[Material provided]
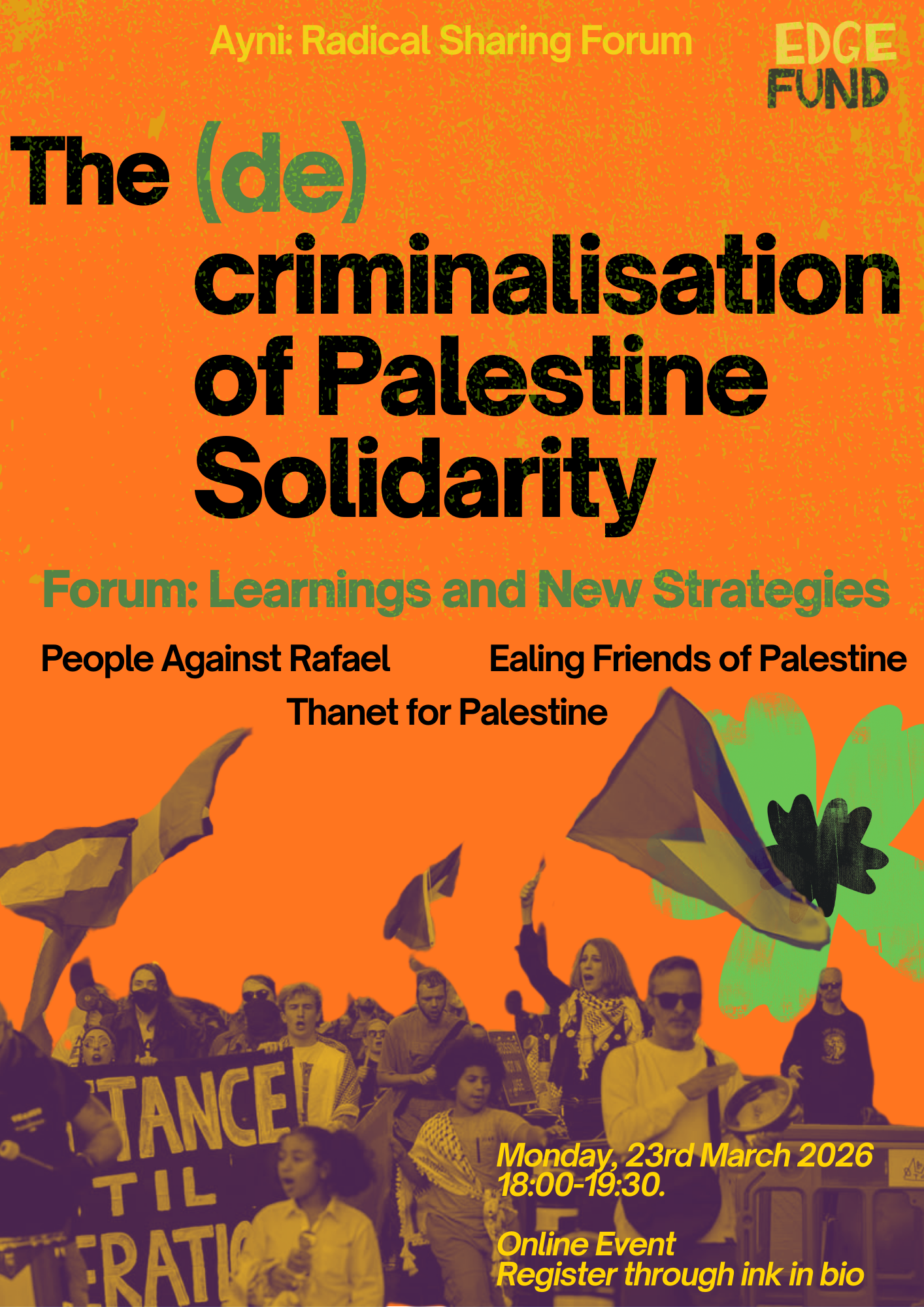 We will hear from the experience of three Edge grantees from our Roots Fund and will also have the opportunity to discuss with folks attending how to face this wave of repression against solidarity with Palestinian liberation and its broader impact on the social movements in the UK.
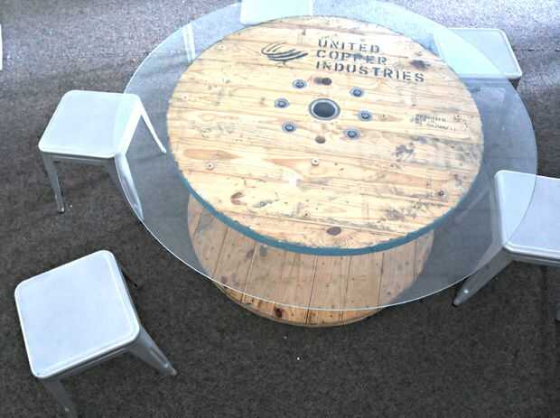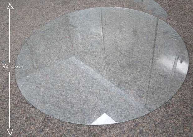La idea de utilizar vidrio era tanto necesario como se ha mencionado antes, pero también inspirador, como podía crear más superficie sobre la mesa. Las ruedas de la bobina miden 36 pulgadas, y le pegué con una mesa pequeña de 36 pulgadas, pero porque el carrete era estructuralmente sano (pesa alrededor de 120 libras y no se balancee, en absoluto, en absoluto) fácilmente podría permitirnos obtener una 60 pulgadas redondo tapa de cristal para sentarse encima. Porque esto sería literalmente lo único que tendría que pagar para conseguir una nueva mesa de comedor, era más de juego. Primeros de la tabla de cristal son al parecer populares, puedes pedirlos en línea o simplemente caminar en casi cualquier tienda de muebles y si ellos no tienen a mano, sin duda sabría dónde apuntar.
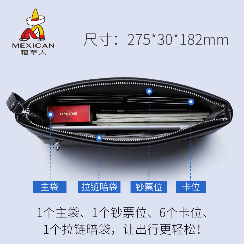 Scarecrow 2022 new men's clutch bag men's leather business men's wallet fashion leather envelope bag
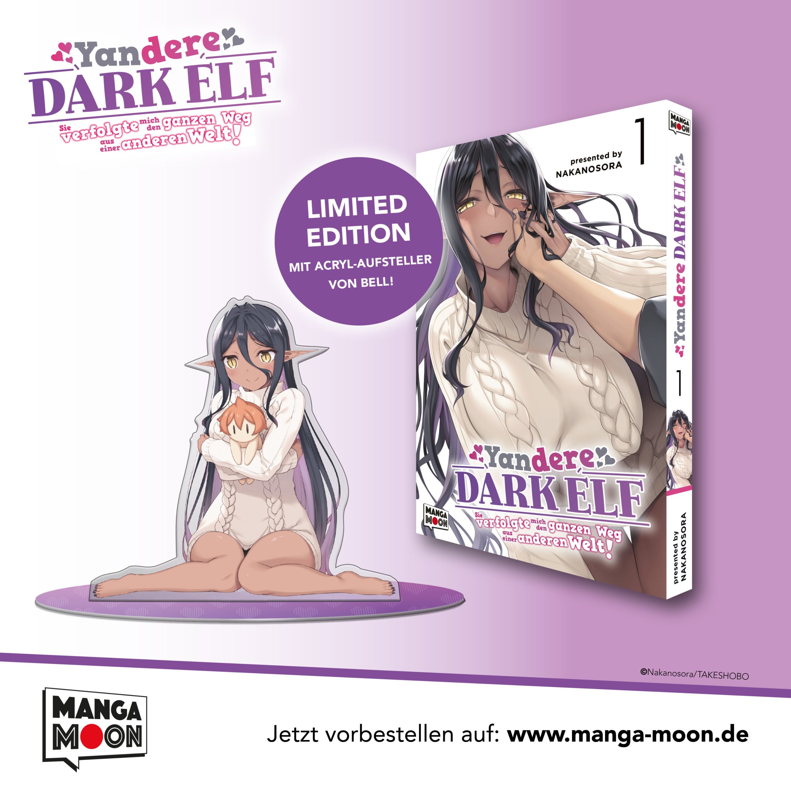 MangaMoon bereitet den Start der deutschen Ausgabe der Ecchi-Komödie »Yandere Dark Elf« (jap.: »Chotto dake Ai ga Omoi Dark Elf ga Isekai kara Oikakete Kita«) vor. Der erste Band erscheint Ende Oktober. Nun lässt sich auch ein erster Blick auf den Acrylaufsteller der Limited Edition werfen – das passende Bild findet ihr unten im Artikel.

[Exercise description] Everything from the line with "La idea de utilizar" through the final line of the material is to be returned exactly, both ends included, apart from the pictures.

[Reply to the task]
La idea de utilizar vidrio era tanto necesario como se ha mencionado antes, pero también inspirador, como podía crear más superficie sobre la mesa. Las ruedas de la bobina miden 36 pulgadas, y le pegué con una mesa pequeña de 36 pulgadas, pero porque el carrete era estructuralmente sano (pesa alrededor de 120 libras y no se balancee, en absoluto, en absoluto) fácilmente podría permitirnos obtener una 60 pulgadas redondo tapa de cristal para sentarse encima. Porque esto sería literalmente lo único que tendría que pagar para conseguir una nueva mesa de comedor, era más de juego. Primeros de la tabla de cristal son al parecer populares, puedes pedirlos en línea o simplemente caminar en casi cualquier tienda de muebles y si ellos no tienen a mano, sin duda sabría dónde apuntar.
 Scarecrow 2022 new men's clutch bag men's leather business men's wallet fashion leather envelope bag
 MangaMoon bereitet den Start der deutschen Ausgabe der Ecchi-Komödie »Yandere Dark Elf« (jap.: »Chotto dake Ai ga Omoi Dark Elf ga Isekai kara Oikakete Kita«) vor. Der erste Band erscheint Ende Oktober. Nun lässt sich auch ein erster Blick auf den Acrylaufsteller der Limited Edition werfen – das passende Bild findet ihr unten im Artikel.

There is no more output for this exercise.